My Movement Practice

"I feel therefore I understand"

To understand a concept I need to visualize it in my head but I don't know it until I feel it.  I try to implement these principles first in my own movement practice and then in my strength practice.  My movement practice is slow bodyweight or lightly loaded movements (i.e. Squat, hinge, lunge, press, pull, deadbug, birddog, bridges).  I do these exercises daily to understand what is going on with my body.  You can call it my strength Tai Chi.  

 Focus on the nuances

Focus on the nuances

"Learning the small to understand the large "
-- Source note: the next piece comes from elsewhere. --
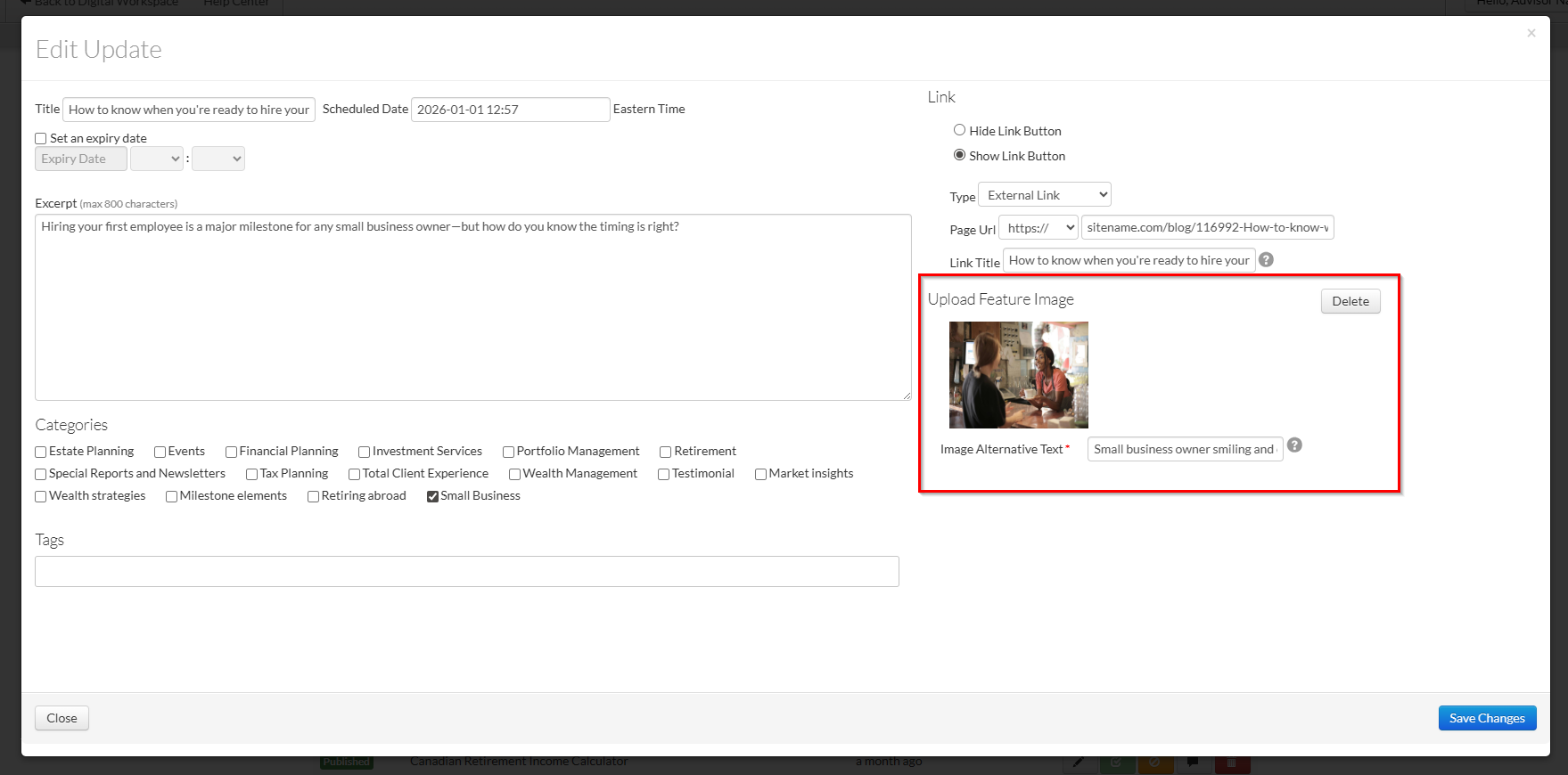 7. If you’re using Grid View, we recommend adding a Feature Image to make your update more visually engaging and eye-catching for viewers. Including an image helps your content stand out and encourages users to click through to read more.

The nuances help me understand what are the key aspects of a movement.  I love to dive deep.  The details are where the magic happens.   Discovering the micro leads to the macro understanding (see "making smaller circles by Josh Waitzkin").  Josh eloquently describes this point that is foundational to my learning practice.  In my practice I pretend that I am looking through the lens of a camera.  I try to focus in on the small things and then pan out to understand how the small relates to large.  Discovery, feeling and connecting the dots are the keys to my movement practice.

 My Strength Practice

My Strength Practice

"My strength practice is my weighted movement meditation"
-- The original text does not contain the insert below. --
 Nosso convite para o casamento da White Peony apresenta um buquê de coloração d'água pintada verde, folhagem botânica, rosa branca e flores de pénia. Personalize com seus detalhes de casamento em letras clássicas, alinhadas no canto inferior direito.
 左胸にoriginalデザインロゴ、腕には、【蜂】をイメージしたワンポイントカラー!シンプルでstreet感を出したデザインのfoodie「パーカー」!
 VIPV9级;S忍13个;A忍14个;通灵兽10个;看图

Strength is how I express myself and understanding of movement.   I am fascinated by how a barbell or kettlebell effect my body.  When I get weight on my back or in my hands I try to feel it.  The way my muscles activate differently when I hold different positions is a fascinating experience.  During the Dynamic Neuromuscular Stabilization (DNS) course I took, The founder Pavel Kolar said "Position governs activation".  This was a powerful statement that has been burned into my brain.  I try to find better positions to get automatic activation of the system to move weight or my body.

 Pavel Kolar the Founder of DNS (Dynamic Neuromuscular Stabilization)

Pavel Kolar the Founder of DNS (Dynamic Neuromuscular Stabilization)

"I want to create new standards for quality.  It's not just about getting the weight up"

In my movement and strength practice I'm always searching for better definitions of quality.  Movement and strength can be so ambiguous.  What is it?  A lot of times we define it by being able to get the weight up.  It should be about more.  What is the movement teaching me?  How does this build on something that I already I know?  These are some of the questions I ask my self to advance my training practice.  I take this principle from Tony Robbins who once said "the quality of life is based on the questions you ask".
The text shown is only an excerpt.